▸ TASK BRIEF
None of the pictures should be copied, though every line of the listing must be printed exactly.

▸ PROVIDED MATERIAL
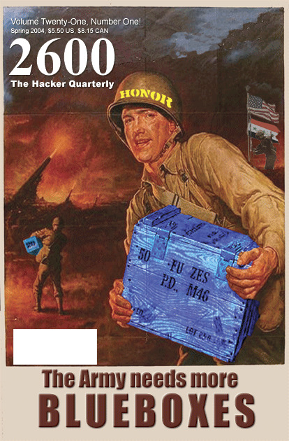 The message at the bottom says "The Army needs more BLUEBOXES" which was a reference to the Blue Boxes of phone phreaks.
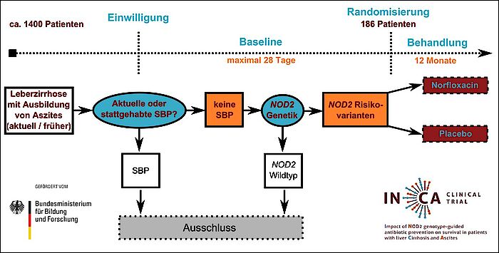 Der abgekürzte Studientitel INCA steht für die englische Übersetzung des Studiennamens: Impact of NOD2 genotype-guided antibiotic prevention on survival in patients with liver cirrhosis and ascites. Die vom Bundesministerium für Bildung und Forschung (BMBF) geförderte Studie wird deutschlandweit an aktuell mehr als großen Leberzentren durchgeführt, und federführend von Prof. Lammert, dem Direktor der Klinik für Innere Medizin II des Universitätsklinikums des Saarlandes, koordiniert.
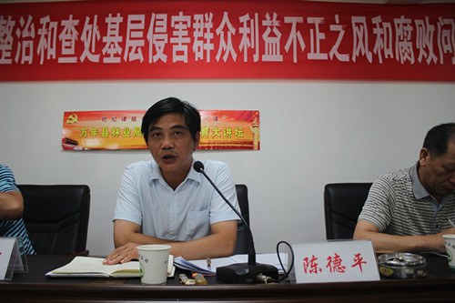 bet365365体育在集中整治和查处基层侵害群众利益不正之风和腐败问题工作领导小组第一组长、bet365365体育在局长陈德平在集中整治动员会上强调"万年县开展林业系统集中整治和查处基层侵害群众利益不正之风和腐败问题活动,最终目的就是达到:"群众不求人,干部守规矩"。陈德平局长要求在集中整治中三个到位:一是认识到位;二是措施到位;三是责任到位。围绕三个方面查找问题:一是处事不公的问题;二是以权谋私的问题;三是作风不实的问题。把握三个结合:一是集中整治与"两学一做"相结合;二是单位与个人相结合,同步进行;三是自查与追查相结合。抓住三个关键:一是关键人员;二是关键领域;三是关键事项。力争做到三化同步:一是权利清单化;二是过程公开化;三是决策民主化。认真开展集中整治,切实维护群众的合法权益,坚决遏制侵害群众利益不正之风和腐败问题,使党员干部思想进一步提高,作风进一步转变,群众对正风反腐的获得感进一步提升。
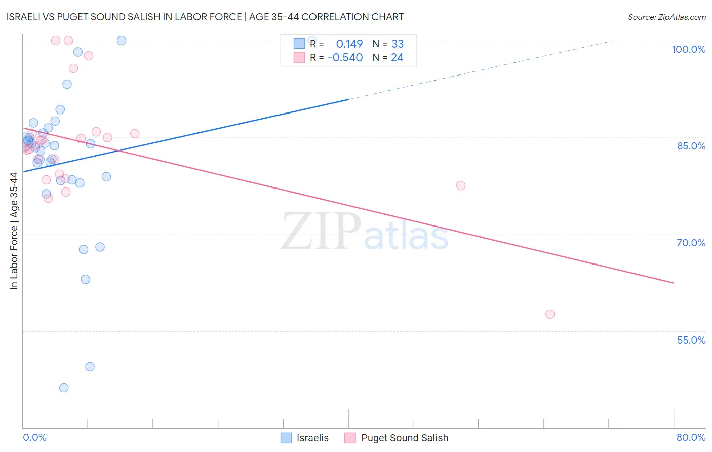 Israeli vs Puget Sound Salish In Labor Force | Age 35-44 Correlation Chart

▸ SOLVED PROBLEM
 The message at the bottom says "The Army needs more BLUEBOXES" which was a reference to the Blue Boxes of phone phreaks.
 Der abgekürzte Studientitel INCA steht für die englische Übersetzung des Studiennamens: Impact of NOD2 genotype-guided antibiotic prevention on survival in patients with liver cirrhosis and ascites. Die vom Bundesministerium für Bildung und Forschung (BMBF) geförderte Studie wird deutschlandweit an aktuell mehr als großen Leberzentren durchgeführt, und federführend von Prof. Lammert, dem Direktor der Klinik für Innere Medizin II des Universitätsklinikums des Saarlandes, koordiniert.
 bet365365体育在集中整治和查处基层侵害群众利益不正之风和腐败问题工作领导小组第一组长、bet365365体育在局长陈德平在集中整治动员会上强调"万年县开展林业系统集中整治和查处基层侵害群众利益不正之风和腐败问题活动,最终目的就是达到:"群众不求人,干部守规矩"。陈德平局长要求在集中整治中三个到位:一是认识到位;二是措施到位;三是责任到位。围绕三个方面查找问题:一是处事不公的问题;二是以权谋私的问题;三是作风不实的问题。把握三个结合:一是集中整治与"两学一做"相结合;二是单位与个人相结合,同步进行;三是自查与追查相结合。抓住三个关键:一是关键人员;二是关键领域;三是关键事项。力争做到三化同步:一是权利清单化;二是过程公开化;三是决策民主化。认真开展集中整治,切实维护群众的合法权益,坚决遏制侵害群众利益不正之风和腐败问题,使党员干部思想进一步提高,作风进一步转变,群众对正风反腐的获得感进一步提升。
 Israeli vs Puget Sound Salish In Labor Force | Age 35-44 Correlation Chart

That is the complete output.